- **AVAILABLE DATA**
+--

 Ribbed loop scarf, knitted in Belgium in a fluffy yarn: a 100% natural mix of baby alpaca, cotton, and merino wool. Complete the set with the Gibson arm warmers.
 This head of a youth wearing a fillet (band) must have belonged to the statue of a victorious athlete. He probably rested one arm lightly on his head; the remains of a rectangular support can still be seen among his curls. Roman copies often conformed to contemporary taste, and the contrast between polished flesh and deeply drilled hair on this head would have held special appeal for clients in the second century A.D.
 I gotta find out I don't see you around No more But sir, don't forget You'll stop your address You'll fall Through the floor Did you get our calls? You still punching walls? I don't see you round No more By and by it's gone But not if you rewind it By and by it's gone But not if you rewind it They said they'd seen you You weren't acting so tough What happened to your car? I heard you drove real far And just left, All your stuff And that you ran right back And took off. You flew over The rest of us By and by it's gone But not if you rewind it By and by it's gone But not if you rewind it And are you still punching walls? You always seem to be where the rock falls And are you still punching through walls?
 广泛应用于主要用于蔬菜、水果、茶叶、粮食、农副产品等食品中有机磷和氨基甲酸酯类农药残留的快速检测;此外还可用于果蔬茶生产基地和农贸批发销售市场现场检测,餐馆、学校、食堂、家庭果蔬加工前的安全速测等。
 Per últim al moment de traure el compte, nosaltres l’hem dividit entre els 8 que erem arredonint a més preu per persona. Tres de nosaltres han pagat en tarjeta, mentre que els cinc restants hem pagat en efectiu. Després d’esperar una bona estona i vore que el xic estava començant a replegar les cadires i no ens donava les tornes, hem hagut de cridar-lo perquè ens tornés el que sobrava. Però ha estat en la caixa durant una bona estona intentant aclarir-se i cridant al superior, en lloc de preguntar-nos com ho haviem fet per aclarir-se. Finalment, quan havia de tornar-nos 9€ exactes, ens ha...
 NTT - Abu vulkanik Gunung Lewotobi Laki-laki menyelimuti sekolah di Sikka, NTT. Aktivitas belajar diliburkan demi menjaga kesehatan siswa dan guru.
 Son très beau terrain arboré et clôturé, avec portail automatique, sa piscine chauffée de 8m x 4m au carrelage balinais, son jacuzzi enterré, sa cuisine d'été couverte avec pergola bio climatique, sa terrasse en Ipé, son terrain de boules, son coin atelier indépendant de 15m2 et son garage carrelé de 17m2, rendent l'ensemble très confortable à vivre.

+--

- **HOW TO COMPLETE THIS TASK**
Please copy out every entry exactly, with nothing omitted.

- **EXERCISE ANSWER**
 Ribbed loop scarf, knitted in Belgium in a fluffy yarn: a 100% natural mix of baby alpaca, cotton, and merino wool. Complete the set with the Gibson arm warmers.
 This head of a youth wearing a fillet (band) must have belonged to the statue of a victorious athlete. He probably rested one arm lightly on his head; the remains of a rectangular support can still be seen among his curls. Roman copies often conformed to contemporary taste, and the contrast between polished flesh and deeply drilled hair on this head would have held special appeal for clients in the second century A.D.
 I gotta find out I don't see you around No more But sir, don't forget You'll stop your address You'll fall Through the floor Did you get our calls? You still punching walls? I don't see you round No more By and by it's gone But not if you rewind it By and by it's gone But not if you rewind it They said they'd seen you You weren't acting so tough What happened to your car? I heard you drove real far And just left, All your stuff And that you ran right back And took off. You flew over The rest of us By and by it's gone But not if you rewind it By and by it's gone But not if you rewind it And are you still punching walls? You always seem to be where the rock falls And are you still punching through walls?
 广泛应用于主要用于蔬菜、水果、茶叶、粮食、农副产品等食品中有机磷和氨基甲酸酯类农药残留的快速检测;此外还可用于果蔬茶生产基地和农贸批发销售市场现场检测,餐馆、学校、食堂、家庭果蔬加工前的安全速测等。
 Per últim al moment de traure el compte, nosaltres l’hem dividit entre els 8 que erem arredonint a més preu per persona. Tres de nosaltres han pagat en tarjeta, mentre que els cinc restants hem pagat en efectiu. Després d’esperar una bona estona i vore que el xic estava començant a replegar les cadires i no ens donava les tornes, hem hagut de cridar-lo perquè ens tornés el que sobrava. Però ha estat en la caixa durant una bona estona intentant aclarir-se i cridant al superior, en lloc de preguntar-nos com ho haviem fet per aclarir-se. Finalment, quan havia de tornar-nos 9€ exactes, ens ha...
 NTT - Abu vulkanik Gunung Lewotobi Laki-laki menyelimuti sekolah di Sikka, NTT. Aktivitas belajar diliburkan demi menjaga kesehatan siswa dan guru.
 Son très beau terrain arboré et clôturé, avec portail automatique, sa piscine chauffée de 8m x 4m au carrelage balinais, son jacuzzi enterré, sa cuisine d'été couverte avec pergola bio climatique, sa terrasse en Ipé, son terrain de boules, son coin atelier indépendant de 15m2 et son garage carrelé de 17m2, rendent l'ensemble très confortable à vivre.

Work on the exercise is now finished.